El recurso a la violencia acompaña a este modo de pensar. Ya Marx enseñaba que ella es la partera de la historia, y la evolución del siglo XX nos dio abundantes ejemplos de lo que eso podía significar. El poeta ruso Alexander Blok (1880-1921) constituye una buena muestra de esa glorificación revolucionaria cuando escribe:
“Transformarlo todo; ¡hacer que todo venga a ser nuevo!; ¡que nuestra vida falaz, sucia, tediosa y horrible venga a ser justa, pura, alegre y radiante! Cuando estas ideas […] quebrantan sus cadenas y se expanden en torrentes tumultuosos…, ello sí se llama una revolución”.
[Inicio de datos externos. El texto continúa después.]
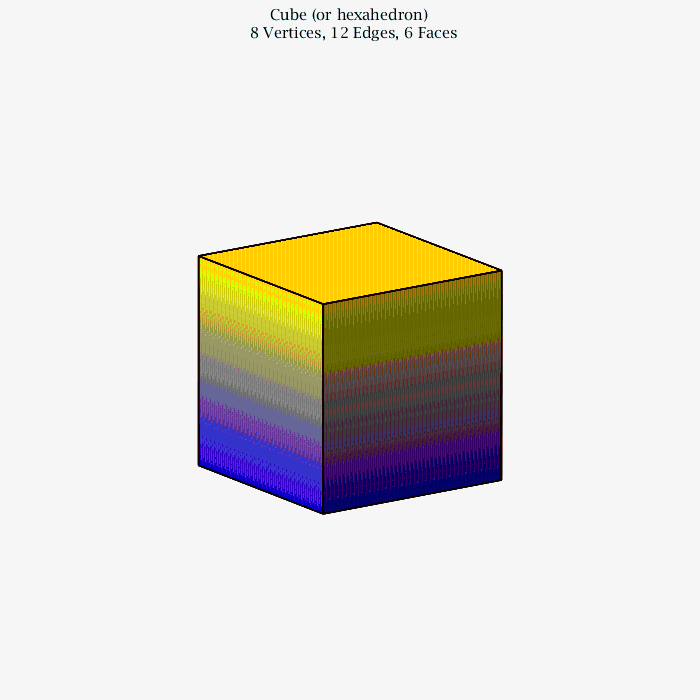 p1 := display(draw(cube(f, point(o, 0, 0, 0))), title = "Cube (or hexahedron) \n 8 Vertices, 12 Edges, 6 Faces")
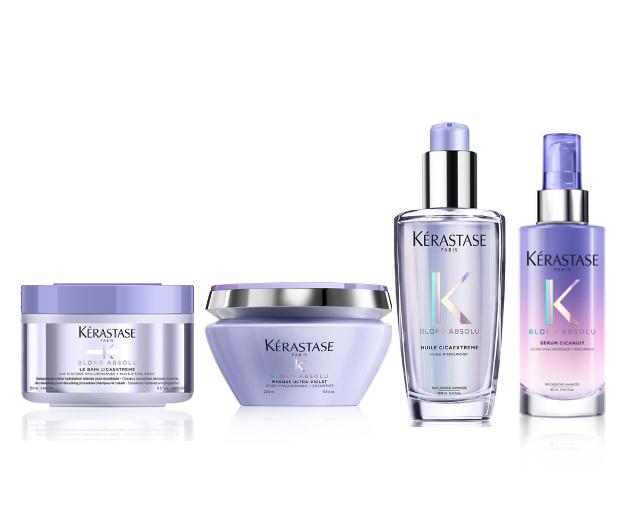 The Kérastase Blond Absolu Lightening Addict Bundle is a complete haircare package that includes a shampoo, mask, oil, and serum to nourish and protect blonde hair.

Los comunistas se reservan el derecho a emplear la violencia en nombre de ciertas ideas maravillosas (para ellos). Nosotros debemos protestar las veces que sea necesario, no cansarnos nunca de recordar que la política es el arte de la paz.
Cuando elevamos nuestra protesta no estamos sólo abogando por nuestras vidas. Estamos preocupándonos por ellos mismos. La lucha armada implica fusiles, balas que ahogan en sangre vidas como la de esos jóvenes cuya muerte llevó a Popper a abandonar la violenta filosofía del comunismo y a transformarse en un convencido demócrata (también Alexander Blok abandonó pronto las ilusiones revolucionarias).
Mala cosa la glorificación comunista de la violencia, entre otras razones, porque ¿qué pasa si el adversario tiene mejor puntería que ellos?
Nota: Este artículo fue publicado originalmente por El Mercurio de Santiago.